Stephen Silberstein, MD, elucidates the currently available and peripheral CGRP inhibitors in light of their indications, administration, and safety profiles.
Stephen Silberstein, MD
PUBLISHED February 25, 2019
Stephen Silberstein, MD: The first antibody on the market was an antibody against the CGRP receptor, erenumab, or Aimovig. The second antibody to be approved by the FDA was against CGRP, fremanezumab, or Ajovy. The third antibody to be approved by the FDA is galcanezumab, which is again against the CGRP receptor. The last antibody under development is an antibody against the CGRP itself, and it does not yet have a brand name.
The current CGRP antibodies are indicated for the treatment of migraine in adults.
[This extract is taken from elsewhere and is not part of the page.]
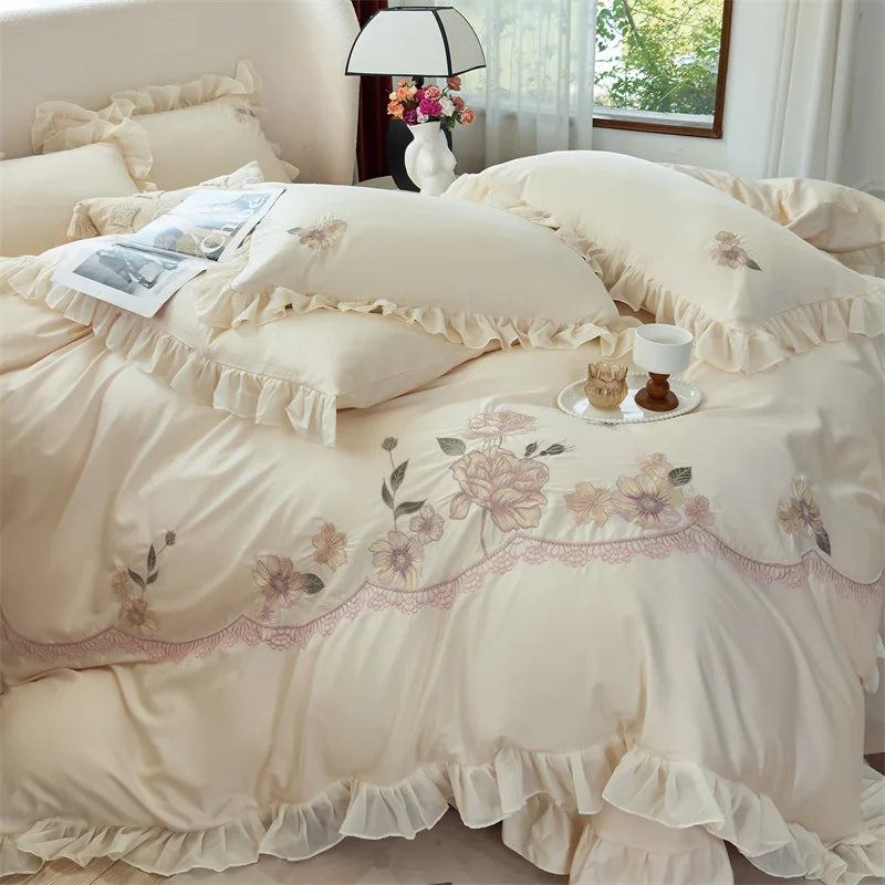 Premium Egyptian Cotton Flowers Embroidery Lace Ruffles Princess Bedding Set Duvet Cover Set Flat/Fitted Sheet Pillowcases 4Pcs

There are studies being done for cluster headache and for posttraumatic headache, but that’s the current indication. How do they differ? The antibody called Aimovig is against the CGRP receptor. That is where CGRP does its business. The other antibodies are against CGRP itself. All drugs are effective. The side effect profiles are slightly different, and the weights at which you can inject them are different. But we’re really excited we have 3, and possibly a fourth antibody, for the preventative treatment of migraine.
In this day and age, what we use in clinical practice more often than not depends on the insurance companies. If the insurance companies make the drug available, we’ll use it. If they don’t make it available, it becomes very difficult to use it. Since the first antibody, erenumab, came out, we used it first. And it was about 4 to 5 months until we got the second antibody. So we have the most experience with erenumab and the second antibody, fremanezumab. And the third antibody we have less experience with just because of the sequence. I believe we have over 1000 patients on the antibodies at this time. And here’s my bias: Just like in the trials, they work half the time. When they work, they’re really great, and many of these patients have failed everything else.
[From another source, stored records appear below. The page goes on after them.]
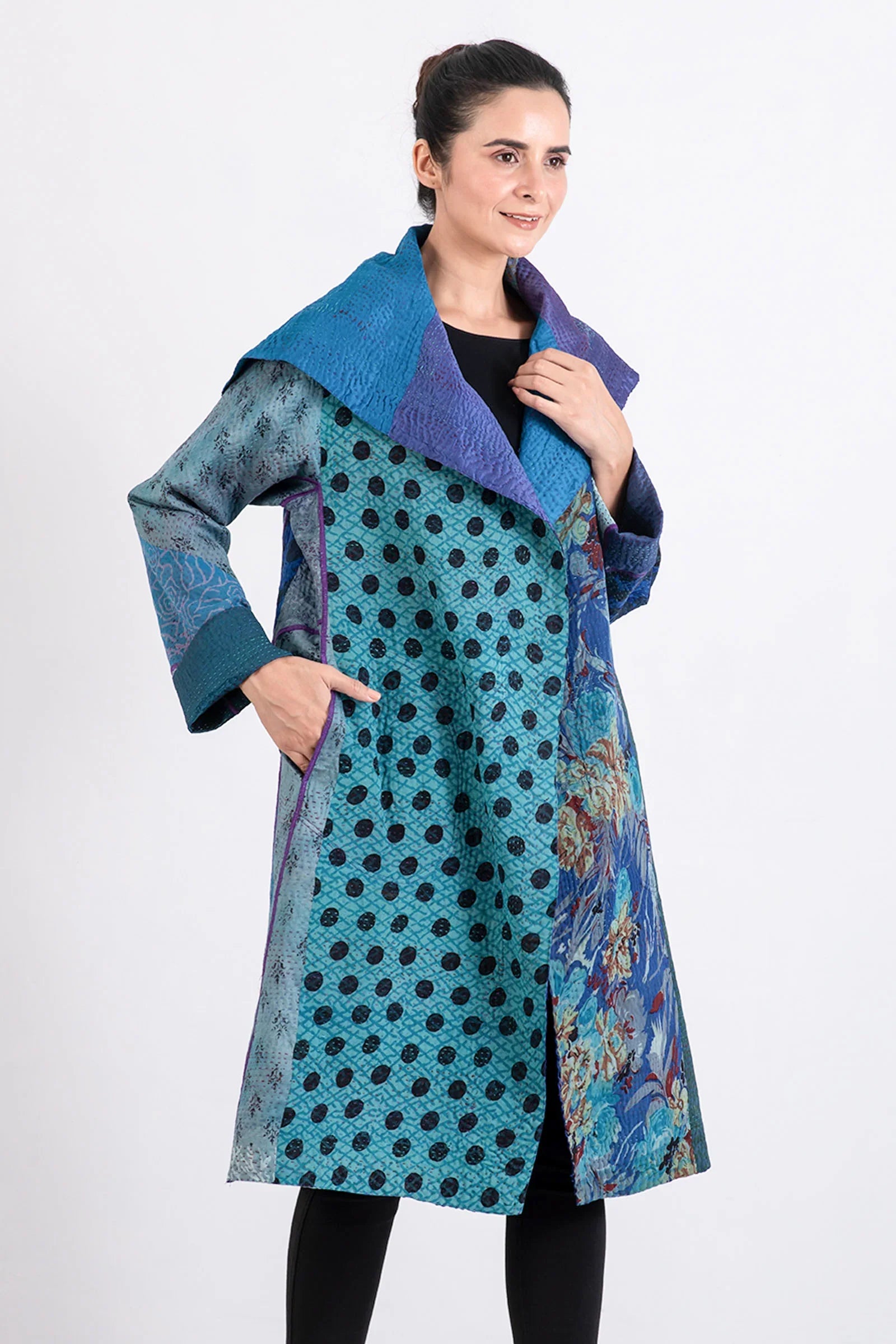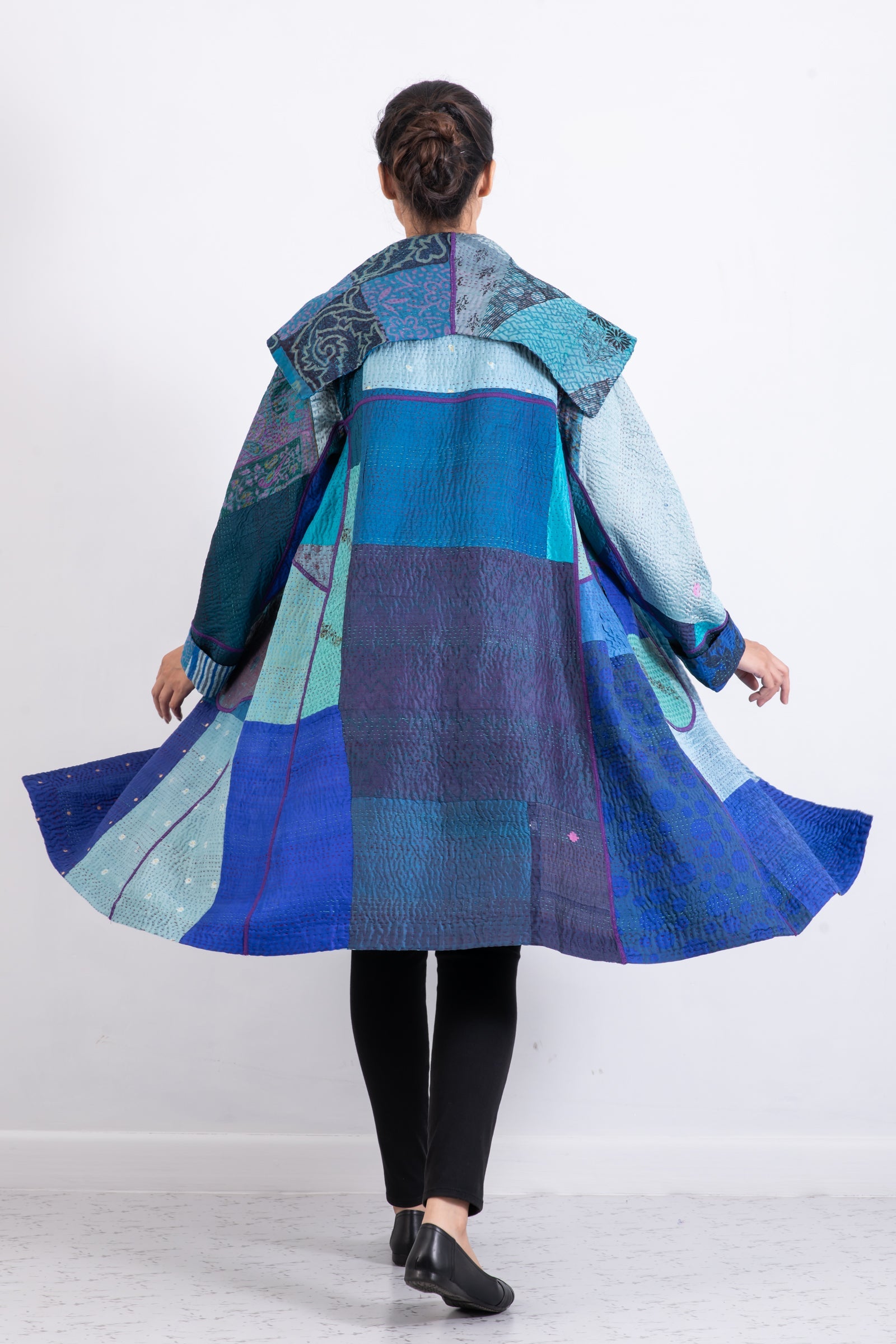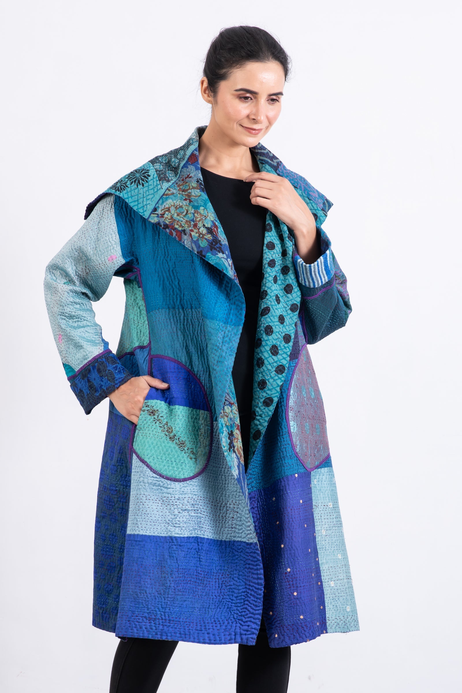 JACQUARD SILK KANTHA A-LINE COAT - js4309-blu -
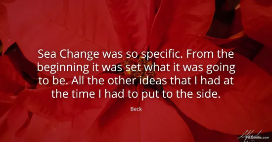 Beck. "Sea Change was so specific. From the beginning it was set what it was going to be. All the other ideas that I had at the time I had to put to the side." FixQuotes. January 16, 2026. https://fixquotes.com/quotes/sea-change-was-so-specific-from-the-beginning-it-138069/.
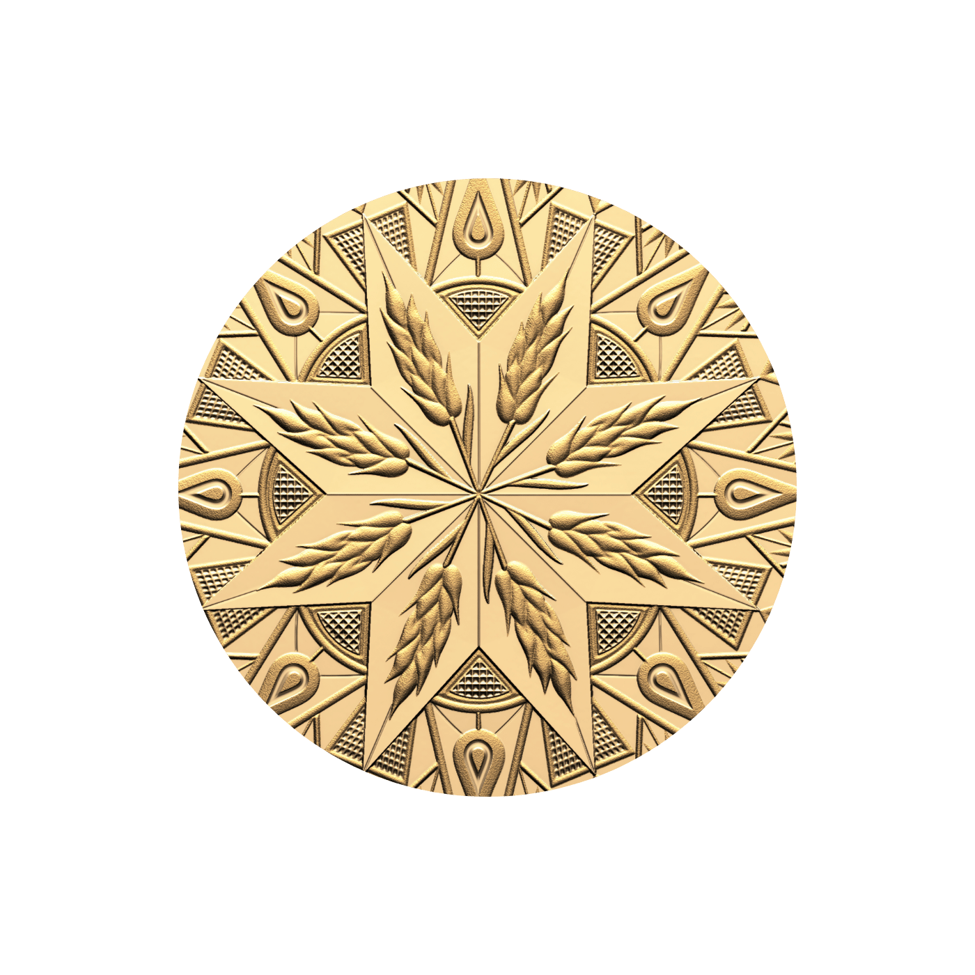 What satisfaction the harvest brings, when the hard-won fruits of spring and summer’s labour are finally in! The reverse of this 99.99% pure gold pysanka coin is an exquisite work of art that celebrates the life-sustaining properties of wheat, which adorns each point of the Ukrainian eight-pointed star that is a powerful expression of love, devotion and passion. Behind that central star, the design’s joyous spirit only grows as several more stars—each one adorned with meaningful motifs—join in this spellbinding celebration of the fertility, prosperity and abundance that reward the ambition of spring.

The dose of erenumab, or Aimovig, is either 70 or 140 units or mg per month. I pick the higher dose because the price is the same. And if you think about it, there’s no risk in giving a higher dose and there’s always chance you’ll get a better response with monthly 140. The second drug to be approved was fremanezumab, or Ajovy, and the doses are 225 mg every month or a triple dose every 3 months. Many patients don’t like to self-inject and prefer less-frequent dosing, so in most of our patients, we tend to be using the triple dose every 3 months. The third antibody is again galcanezumab, which is given on a monthly basis. These antibodies come in prefilled syringes, so they’re given at home by the patient.
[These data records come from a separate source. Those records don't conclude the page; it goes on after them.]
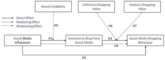 Social influence has become a prominent focus in contemporary consumer behavior research, particularly social commerce [14,23]. Multiple studies have explored the dynamics of social commerce, fostering new business models integrating social interactions with e-commerce and emphasizing consumer engagement and credibility [24,25]. This study draws upon Kelman’s social influence theory as a foundational framework [20,26], enriching our understanding of how SMIs, as independent variables, shape individuals’ intentions and behaviors related to social media shopping. Integrating social influence theory adds depth to our exploration, elucidating direct and indirect influences and highlighting the nuances within individuals’ responses to social influence [20]. Direct influence entails a clear, immediate impact, while indirect influence involves a more subtle, complex effect, often manifesting through shared group norms, beliefs, and expectations [26]. The theory posits that other members of society influence an individual’s behavior through processes such as conformity, compliance, and internalization [20]. Conformity aligns behavior with prevailing trends endorsed by external factors such as SMIs, even if it deviates from personal preferences, while compliance entails making purchases based on direct recommendations. Internalization involves a deep alignment of individual values and style with those of SMIs [20]. Social influence theory can provide a theoretical framework for understanding how SMIs, intentions, behaviors, brand credibility, and shopping values influence consumer decision-making processes in social commerce. These variables influence each other through social comparison, conformity, and informational influence, ultimately impacting consumer attitudes, intentions, and behaviors in the digital marketplace.
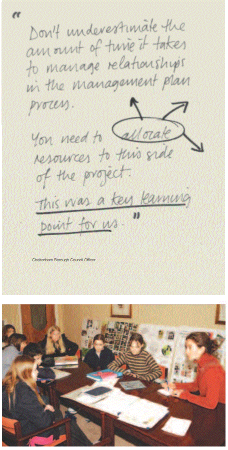 El nivel de recursos necesarios para redactar el plan de gestión dependerá del enfoque adoptado, el tamaño y tipo del sitio y la complejidad de los problemas involucrados. También depende de la cantidad de información que ya tenga. Si se contrata a un consultor, aún será necesario administrar el proyecto y se debe asignar tiempo suficiente para completar esta importante tarea. Será necesario definir el trabajo requerido por el consultor, monitorear el progreso y brindar asesoramiento y tomar decisiones siempre que se desarrolle más de una opción o solución. Sin un enlace regular con el consultor y un grado razonable de participación en el proceso, esta oportunidad de aumentar los conocimientos, la experiencia y las habilidades simplemente se pierde. El enfoque alternativo es hacerlo usted mismo.
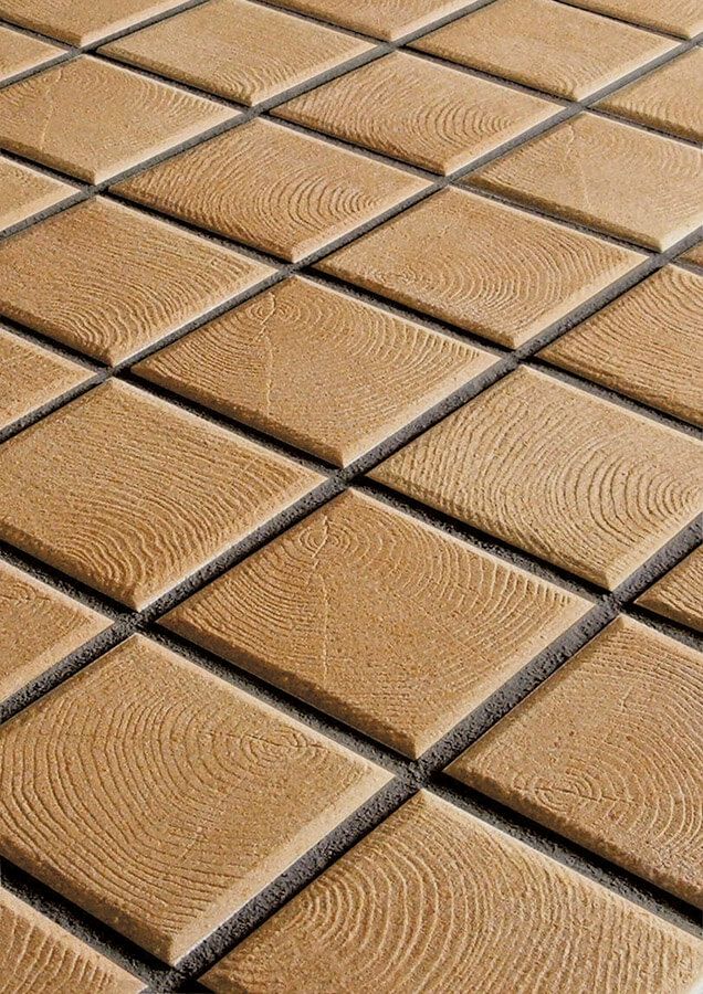ヒノキの香りが漂いそうなウッド調の無釉タイル。壁面にも床にもどうぞ。
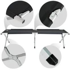 Auf diesem Feldbett hast Du auch auf Festivals und beim Camping eine erholsame Nacht. Dank der Klappvorrichtung und einer Tragetasche ist das Feldbett leicht transportier- und verstaubar. Feldbetten mit Aluminiumgestell sind verhältnismäßig leicht und trotzdem stabil. Ob Outdoor oder im Zelt, mit dem Feldbett liegst Du immer richtig!
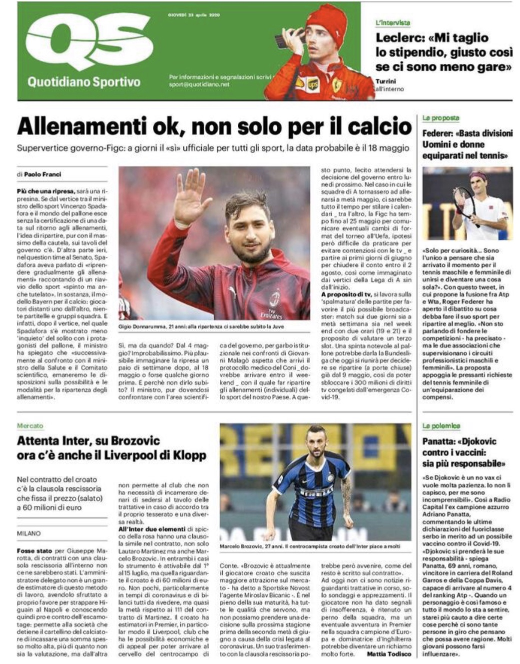 "Allenamenti ok, non solo per il calcio". Questo il titolo con cui si apre l'odierna edizione del QS in merito alla ripresa degli allenamenti: "Supervertice governo-Figc: a giorni il sì ufficiale per tutti gli sport, la data probabile è il 18 maggio".
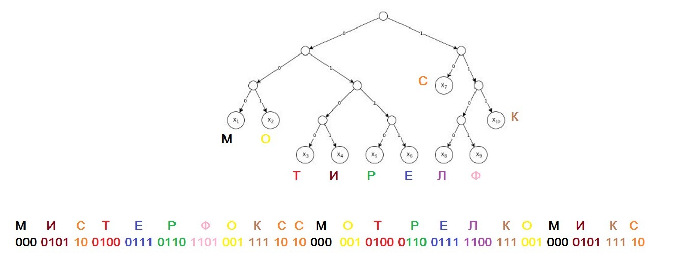 Будем использовать кодирование с помощью дерева, в листьях которого написаны буквы, а на каждом ребре — либо 0 либо 1 (см. рисунок). Чтобы закодировать букву, нужно пройти по дереву от корня до этой буквы, записав все цифры на ребрах этого пути. Мы закодировали фразу “мистерфокссмотрелкомикс” и получили последовательность:

If you’ve never used a monoclonal antibody before, there’s a lot of material available. There are papers that I and my colleagues have written. There’s information online. The biggest thing you need to know, regarding those things you hear about on television every night about monoclonal antibodies causing every bad disease known to mankind, is that antibodies against CGRP have minimal, if no, side effects. The only side effect we’ve seen is a little bit of constipation. That’s what you need to know. There are no other major issue except for constipation. There are no more side effects than there are with placebo injections. So they’re safe, they’re effective, they’re tolerated, and they’re easy to use.